The brains of two cows infected with this new strain were found to look much like the human brains of people with sporadic Creutzfeldt-Jakob disease (CJD), which has not been linked to tainted meat or bovine spongiform encephalopathy (BSE), known as mad cow disease. What has been linked to BSE is new variant (nv) CJD, which has occurred in humans. In fact, around 150 cases of nvCJD have occurred in the United Kingdom, all associated with eating cattle infected with BSE.

The Italian scientists call the new strain bovine amyloidotic spongiform encephalopathy (BASE). This strain appeared in much older cattle, and the prions collected in the olfactory bulb and thalamus instead of in the brain stem. The scientists believe that eating meat with this new strain could produce CJD in people.
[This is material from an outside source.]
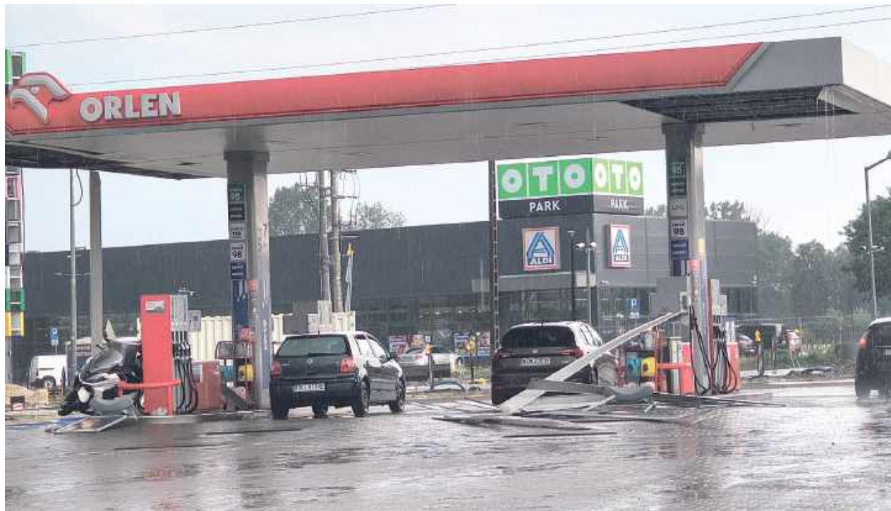
Jedno z najpoważniejszych zdarzeń miało miejsce na terenie jednej ze stacji paliw. Silny podmuch wiatru uszkodził wiatę, z której oderwane elementy konstrukcji spadły na znajdujące się w pobliżu pojazdy. W wyniku tego zdarzenia uszkodzone zostały cztery samochody osobowe oraz motorower (z lewej), który niemal wbił się w konstrukcję stacji

Policjanci z Komisariatu Policji w Dęblinie oraz Komendy Powiatowej Policji w Rykach wspólnie ze strażakami prowadzili działania polegające na zabezpieczaniu miejsc zdarzeń, usuwaniu zagrożeń, udzielaniu pomocy mieszkańcom oraz dokumentowaniu skutków nawałnicy. Apelujemy do mieszkańców o zachowanie szczególnej ostrożności po przejściu gwałtownych zjawisk atmosferycznych i stosowanie się do poleceń

Current U.S. tests used to find the prions that cause BSE in cows and nvCJD in people may not be able to identify the new strain. Meanwhile, other recent reports of differing types of mad cow disease in Japan and France suggest that many cases diagnosed as sporadic may instead be the result of eating animals with BSE.

The study was led by Dr. Salvatore Monaco and Dr. Gianluigi Zanusso, of the University of Verona (Italy), and was edited by Dr. Stanley Prusiner, awarded a Nobel Prize in 1977 for his work on prions.